TASK PROMPT: Everything below from the line with "原有的定價方式大體分為按方法" through the line with "2-bedroom/2-full bath ranch" should be copied exactly, and nothing else; leave out the pictures.

MATERIAL SUPPLIED:
****************************************

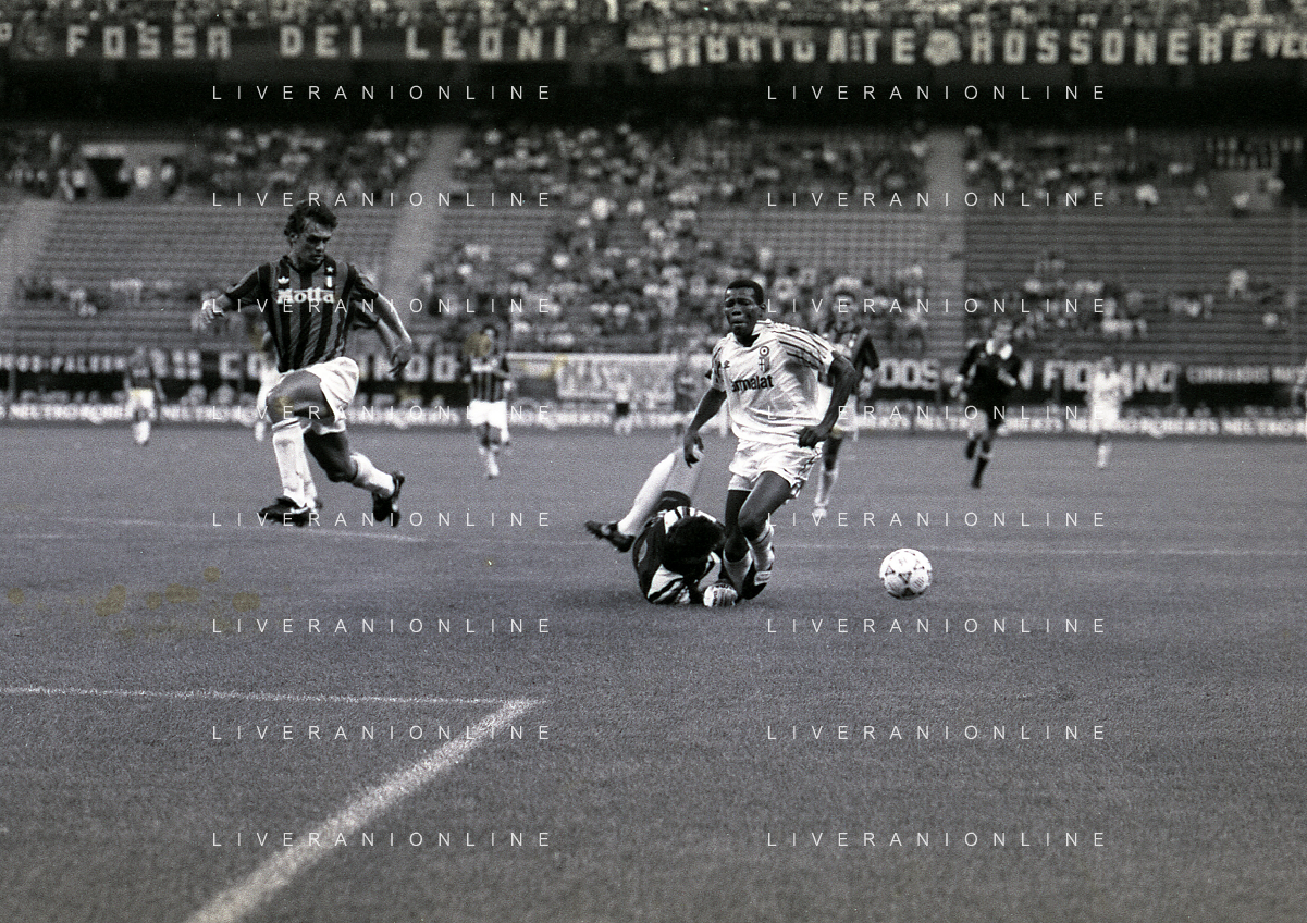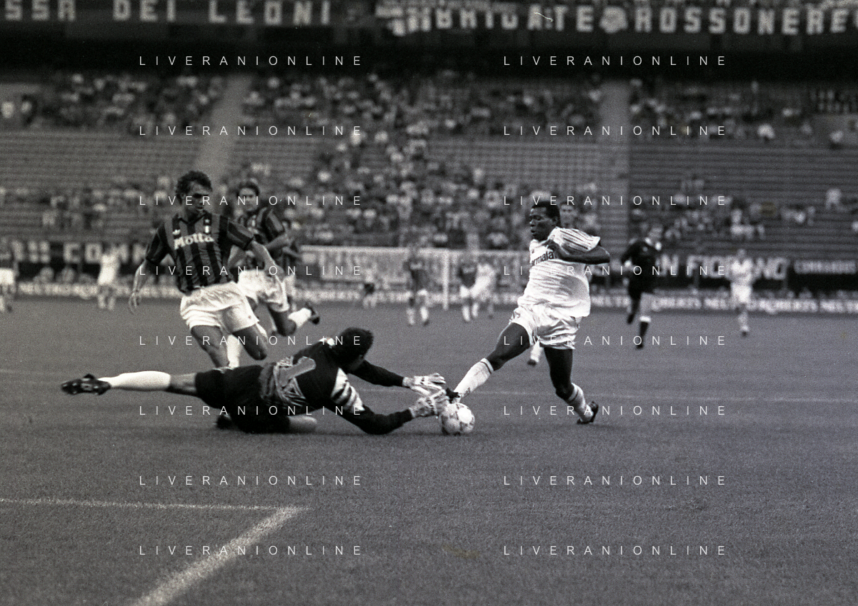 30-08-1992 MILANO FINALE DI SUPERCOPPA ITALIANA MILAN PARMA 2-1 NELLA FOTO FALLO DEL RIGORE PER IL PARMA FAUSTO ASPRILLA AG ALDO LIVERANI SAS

****************************************

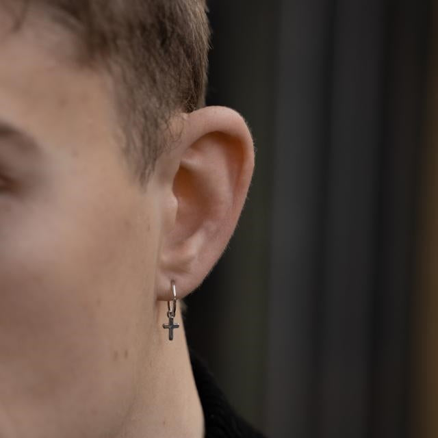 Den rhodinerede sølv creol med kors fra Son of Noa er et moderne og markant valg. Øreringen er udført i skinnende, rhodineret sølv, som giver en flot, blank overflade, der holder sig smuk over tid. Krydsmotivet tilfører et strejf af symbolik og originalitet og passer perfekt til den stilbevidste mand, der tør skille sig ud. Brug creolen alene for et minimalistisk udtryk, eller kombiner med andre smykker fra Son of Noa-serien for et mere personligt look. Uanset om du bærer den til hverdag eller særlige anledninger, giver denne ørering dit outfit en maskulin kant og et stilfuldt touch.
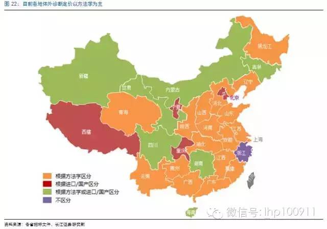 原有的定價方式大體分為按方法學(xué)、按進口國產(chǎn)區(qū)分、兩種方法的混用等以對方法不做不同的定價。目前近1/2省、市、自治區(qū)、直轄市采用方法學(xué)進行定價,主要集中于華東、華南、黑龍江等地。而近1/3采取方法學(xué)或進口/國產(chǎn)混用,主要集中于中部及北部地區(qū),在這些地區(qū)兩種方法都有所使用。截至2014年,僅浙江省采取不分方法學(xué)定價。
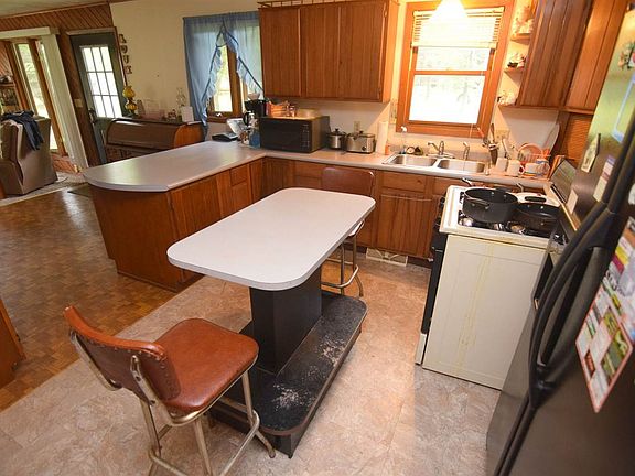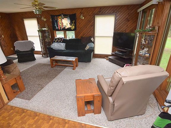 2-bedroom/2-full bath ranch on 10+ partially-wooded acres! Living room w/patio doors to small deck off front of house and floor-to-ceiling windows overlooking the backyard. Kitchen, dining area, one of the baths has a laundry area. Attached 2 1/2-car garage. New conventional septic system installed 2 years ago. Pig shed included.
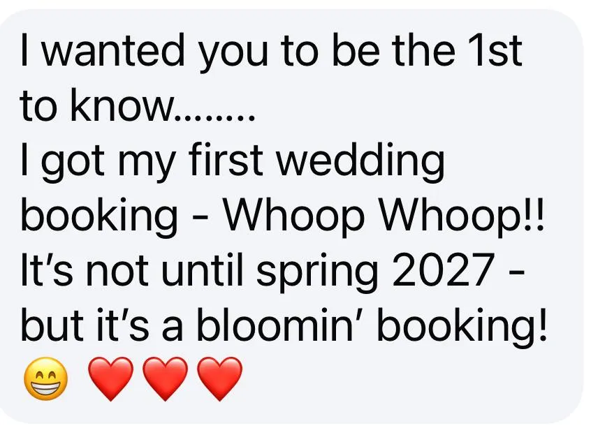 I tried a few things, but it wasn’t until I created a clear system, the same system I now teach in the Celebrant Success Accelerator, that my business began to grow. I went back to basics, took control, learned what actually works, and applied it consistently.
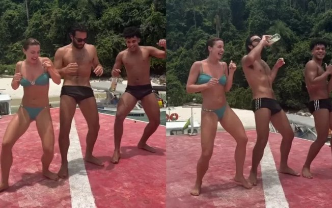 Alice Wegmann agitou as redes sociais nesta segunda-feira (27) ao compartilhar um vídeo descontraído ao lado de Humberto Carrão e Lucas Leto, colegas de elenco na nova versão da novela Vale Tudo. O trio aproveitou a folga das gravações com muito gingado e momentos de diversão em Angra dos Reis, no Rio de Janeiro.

****************************************

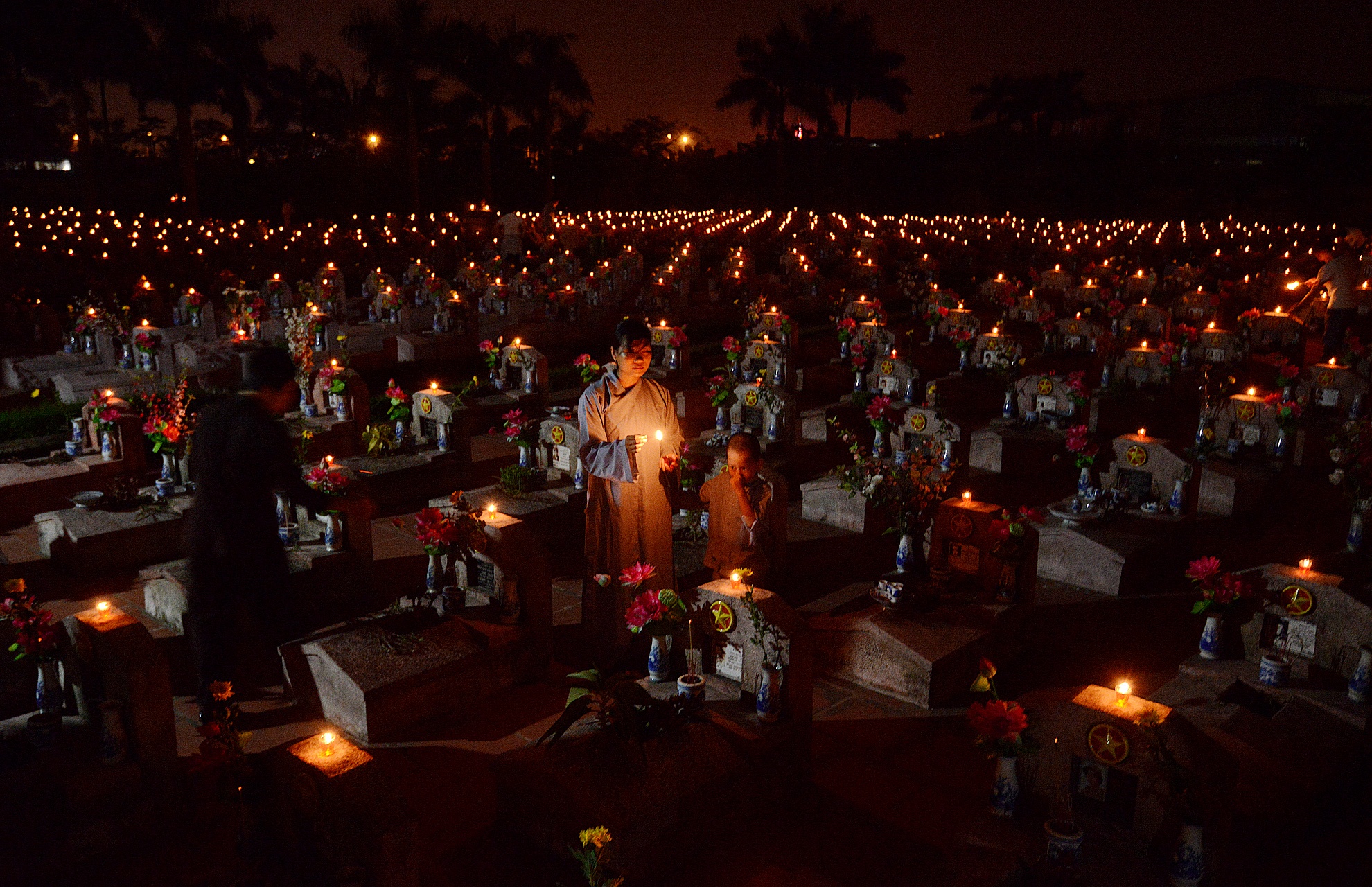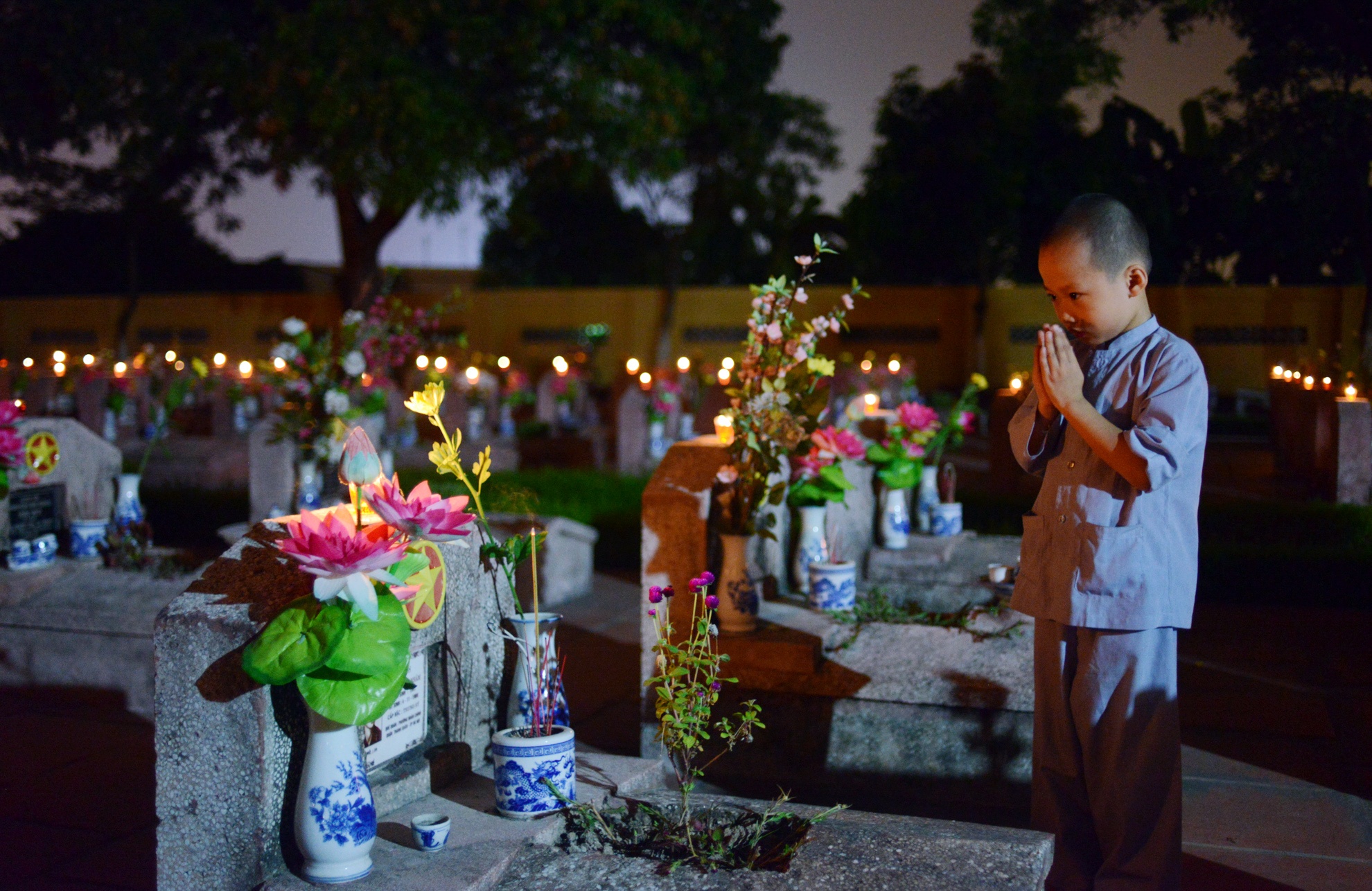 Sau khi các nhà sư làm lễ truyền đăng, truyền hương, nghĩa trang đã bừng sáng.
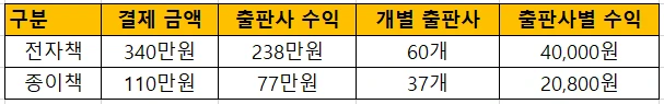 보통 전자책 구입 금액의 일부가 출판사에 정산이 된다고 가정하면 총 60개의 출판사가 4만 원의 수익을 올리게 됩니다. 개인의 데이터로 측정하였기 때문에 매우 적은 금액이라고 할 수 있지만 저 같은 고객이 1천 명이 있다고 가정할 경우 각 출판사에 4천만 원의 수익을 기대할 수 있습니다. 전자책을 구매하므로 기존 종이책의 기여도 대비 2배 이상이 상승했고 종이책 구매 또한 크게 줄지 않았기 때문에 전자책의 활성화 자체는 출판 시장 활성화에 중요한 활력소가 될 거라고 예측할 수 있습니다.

****************************************

RESULT BELOW:
 原有的定價方式大體分為按方法學(xué)、按進口國產(chǎn)區(qū)分、兩種方法的混用等以對方法不做不同的定價。目前近1/2省、市、自治區(qū)、直轄市采用方法學(xué)進行定價,主要集中于華東、華南、黑龍江等地。而近1/3采取方法學(xué)或進口/國產(chǎn)混用,主要集中于中部及北部地區(qū),在這些地區(qū)兩種方法都有所使用。截至2014年,僅浙江省采取不分方法學(xué)定價。
 2-bedroom/2-full bath ranch on 10+ partially-wooded acres! Living room w/patio doors to small deck off front of house and floor-to-ceiling windows overlooking the backyard. Kitchen, dining area, one of the baths has a laundry area. Attached 2 1/2-car garage. New conventional septic system installed 2 years ago. Pig shed included.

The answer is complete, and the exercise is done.